Department of Civil, Structural and Environmental Engineering /
School of Business
Supervisors: Dr Aonghus McNabola / Prof. Paul Coughlan
Energy Recovery from the Water Supply Network
Water and energy are two of our most important and necessary resources and they are intricately connected. Energy is used to clean and transport water, and water is used to help produce energy. The supply of water is an expensive, energy intensive process and is becoming increasingly unsustainable.
PhD supervisor, Dr. Aonghus McNabola, Dept. Of Civil, Structural and Environmental Engineering:
“It is a very expensive process to supply water to international drinking standards. If we were to imagine that one litre of water costs €1.00 to produce then 80% of that cost is to do with electricity and because electricity costs are going up and up all the time then the cost of water is also going up. It is an unsustainable process at the moment and something needs to be done about that.”
There is an urgent need to identify more sustainable and economic ways of producing energy to improve the sustainability of the water industry. The focus of my research at TCD is to investigate both the technical and the economic feasibility of energy recovery from the water supply network through the installation of micro-hydropower turbines.
Electricity can be generated from water falling or flowing through a turbine.
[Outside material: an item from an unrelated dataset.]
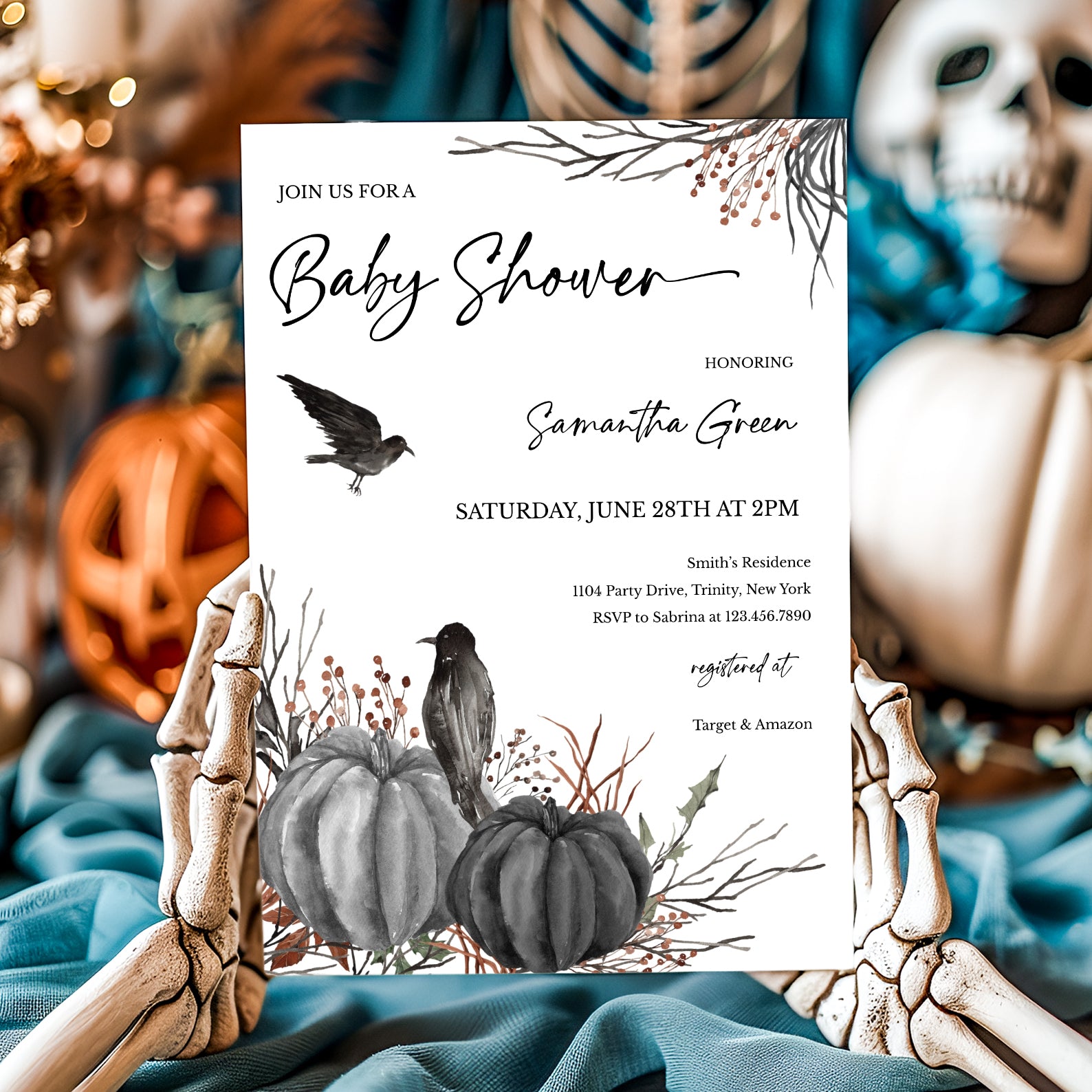 Minimal Halloween Digital Baby Shower Invite: Crow & Pumpkin
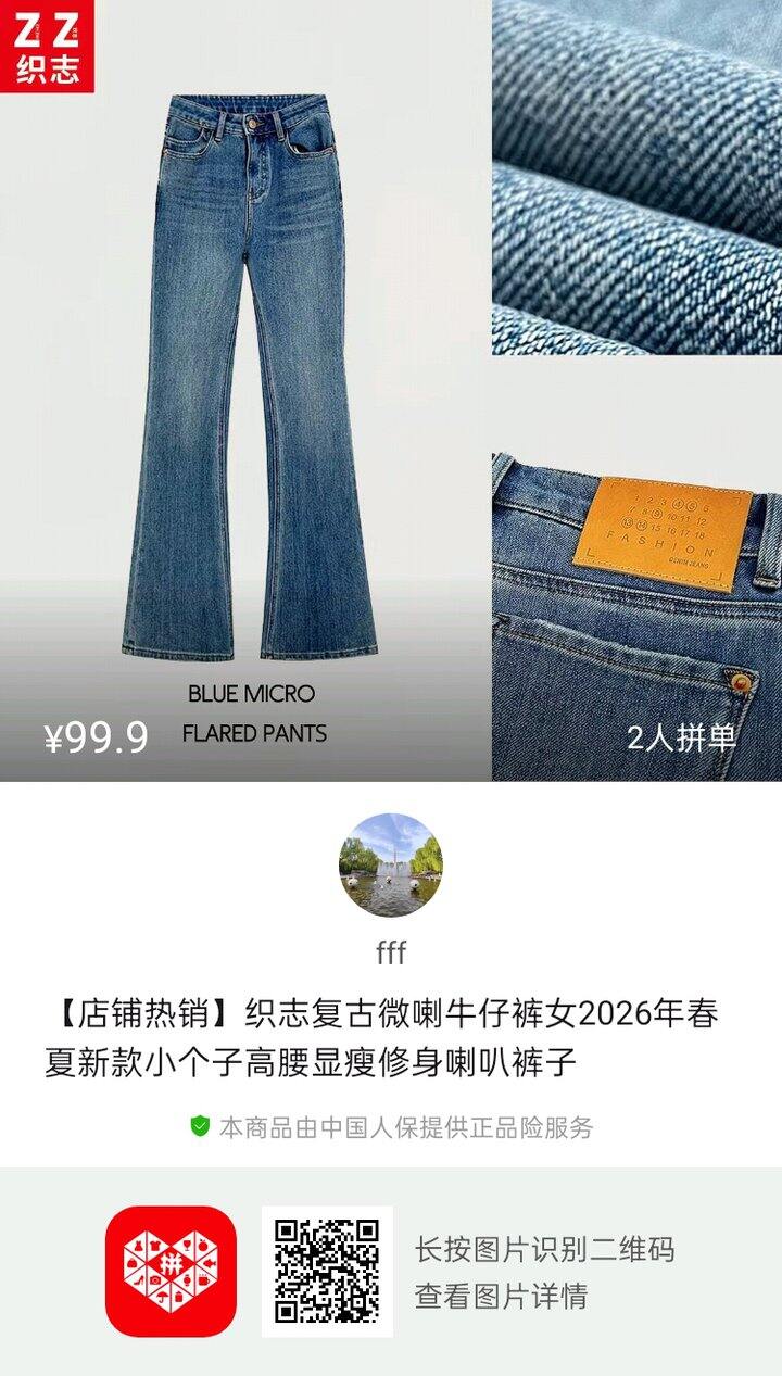 前面看路友推荐的织志牛仔裤,拼dd收藏后看到页面推荐别款,更便宜的,想着买来试试,结果很适合,我160,105,买的m码,裤长穿平底鞋正好(已有的一条偏长,走哪都担心裤脚成拖布),颜色偏浅,料子偏薄,很适合这个季节,而且价格不贵,蹲好价70+,反正我是爱了,而且拼不合适退货也很方便,所以还是很推荐的!

Here at the Grand Canal you can clearly see the energy potential of falling water. The greater the distance in height the water travels down, the greater the energy created in the water.
Apply this same theory to water in our public water mains. Treated water is commonly supplied from a central storage reservoir. Storage reservoirs are usually located at a height so the water can travel by gravity through the catchment area. The greater the height or slope these pipes travel down, the greater the build up of pressure in the water. These high pressures can lead to burst pipes and water leakage problems. Where the pressure in water flow becomes too high, a Break Pressure Tank is commonly installed in the network. This tank dissipates the pressure, kinetic and potential energy to the atmosphere. Break Pressure Tanks present an opportunity to recover energy through the installation of a micro-hydropower turbine.
This is a collaborative research project between the School of Engineering and the School of Business. My engineering research involves analysis of the water supply network to select suitable sites for energy recovery and also the technical design of scalable energy recovery systems. On the business side, my research involves the development of a business plan, collaboration and implementation guidelines to ensure the successful implementation of such a project in practice.
PhD Supervisor, Prof. Paul Coughlan, School of Business:
“I think the project will work if it produces not just a scalable technical solution but also a scalable organisational solution which when brought together will actually have the possibility to recover the energy that is there and maybe be the basis for a new venture in its own right.”